Local newspapers and authorities were immediately inundated with other reports of “flying discs” (the term “flying saucers” came later). Several residents of Bremerton, Washington, reported seeing a number of discs during the previous week. The most spectacular reports came on July 4, 1947. In Portland, Oregon, and Vancouver, Washington, scores of citizens and police officers claimed to see dozens of discs overhead. As many as 50 residents of Boise also reported spotting a large formation, and Emil J. Smith, pilot of a United Air Lines DC-3, said his plane was buzzed by several flying disks while en route from Boise to Pendleton that evening.
Roswell and The Maury Island Mystery
The first photograph of an alleged flying disc was published by the Seattle Post-Intelligencer on July 5, 1947. Taken by U.S. Coast Guard Yeoman Frank Ryman the previous afternoon, the photo showed a small bright disc which he spotted flying over his Lake City home. Three days later, the U.S. Army reported that it had recovered fragments of a crashed flying disc near Roswell, New Mexico. The Army retracted its Roswell report on July 9, declaring that the wreckage was that of a balloon. Despite this, the military monitored reports of Unidentified Flying Objects (a term coined in 1950) for two more decades chiefly out of fear that they might represent a Russian aeronautical breakthrough.

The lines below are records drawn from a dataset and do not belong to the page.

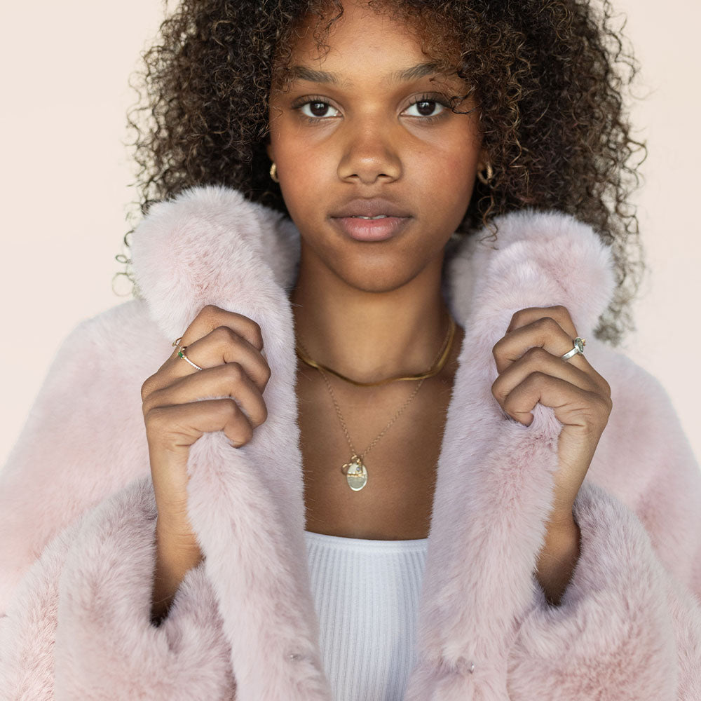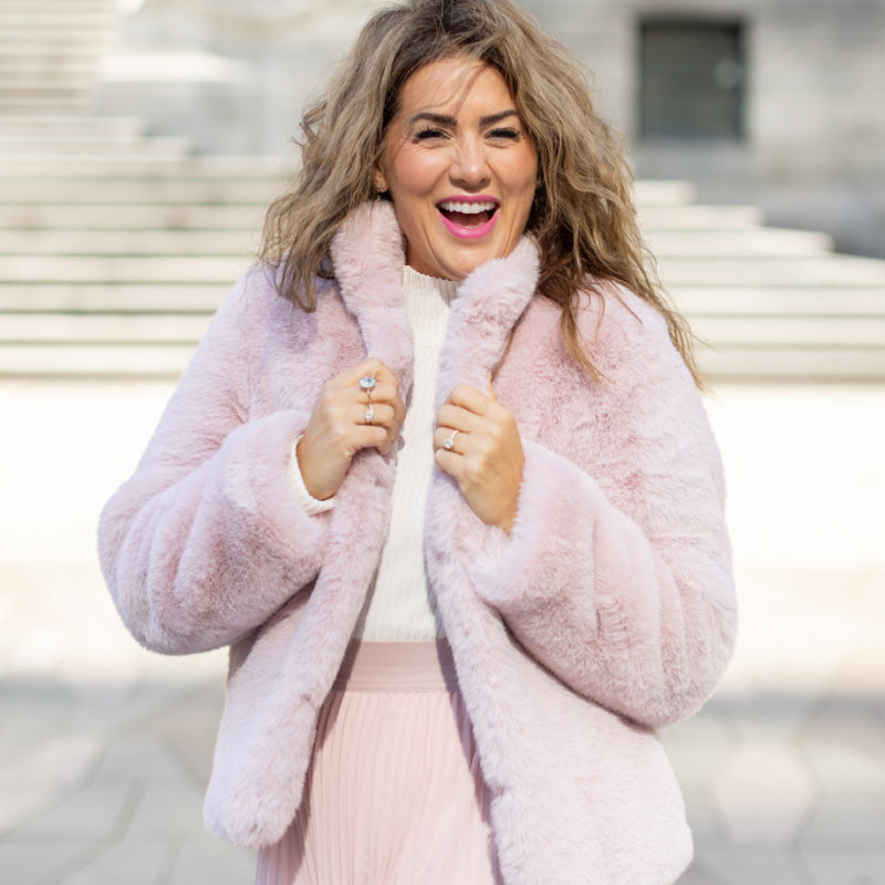 Many of you know Jillian is known to roll up to school drop off in a show stopping magenta pink coat, which sparked the idea of our team collaborating with that brand on a faux fur jacket for this Jilly Box community! A bit over-the-top for 8 am in the morning, but we just love it.
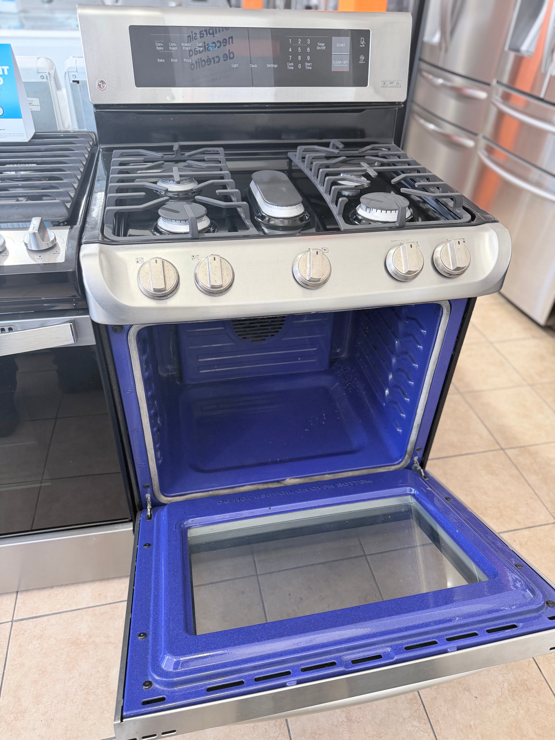 is a 30-inch, 6.3 cu. ft., stainless steel freestanding gas range. It features LG's ProBake Convection® technology, a warming drawer, and an UltraHeat™ 18,500 BTU burner.
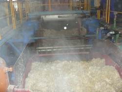 La canne est lavée, coupée en tronçon d'environ 10 cm et passe dans le défibreur, appareil qui la pulvérise.
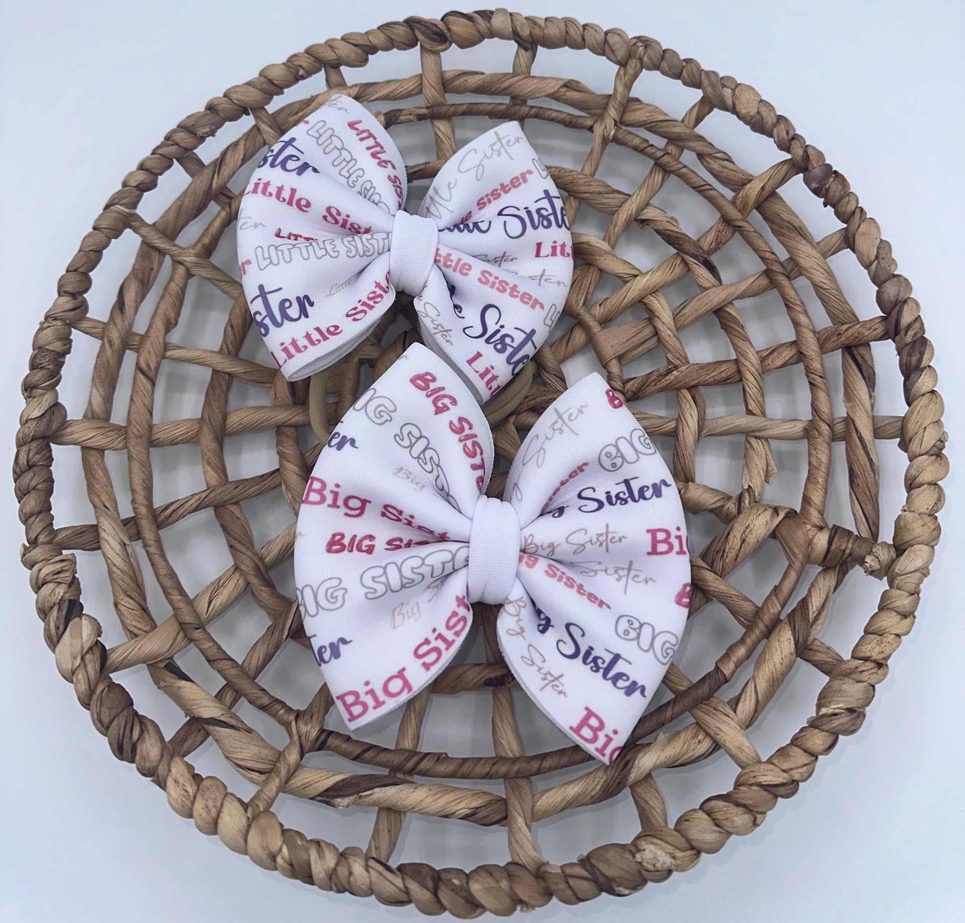 These bows are approximately 5 inches wide. You have the choice of the bow being on a 2.25 inch alligator clip or a stretchy nylon band . The nylon band is a one size fits all.

Perhaps the most fantastic report of 1947 was told by two timber salvage workers from Tacoma, Washington. Shortly after Arnold made headlines, Harold Dahl and Fred Crisman claimed that they had witnessed the explosion of a doughnut-shaped flying disc while boating near Maury Island in Puget Sound on June 21. They further claimed that they had recovered some of the debris, which a “man in black” later tried to take from them. Dahl and Crissman offered to sell their “evidence” to pulp magazine publisher Ray Palmer, who commissioned Ken Arnold and Emil Smith to investigate the claim.
Arnold and Smith arranged for the alleged flying disc wreckage to be turned over to U.S. Army specialists. When the B-25 carrying this material crashed shortly after leaving Tacoma on August 1, 1947, it spawned the first reports of a possible “cover-up” of flying disc evidence (the official cause was an engine fire). The FBI investigated and Dahl and Crissman confessed to fabricating the “Maury Island Mystery.” The saucer wreckage was just bits of pumice and scrap metal collected on the beach.
They Came Here First
By late summer 1947, initially neutral press references to mysterious discs had turned into derisive treatments of “flying saucers.” This only fueled hundreds of science fiction stories, films, and television programs, and it did not prevent future rashes of sightings. When Arnold and Palmer published the Maury Island tale in 1952, they introduced the now-popular themes of sinister “men in black” and a government conspiracy to conceal the presence of alien visitors.
Analysts later dismissed the Ryman photograph as merely showing a weather balloon. An official Air Force investigation also concluded that Arnold had seen a mirage or cluster of disc-shaped lenticular clouds, which often form over mountain peaks. In 1969, the Air Force concluded that UFO reports no longer warranted military or scientific investigation. Regardless of whether flying saucers are extraterrestrial, meteorological, or psychological in origin, Washington state can rightly claim, “They came here first!”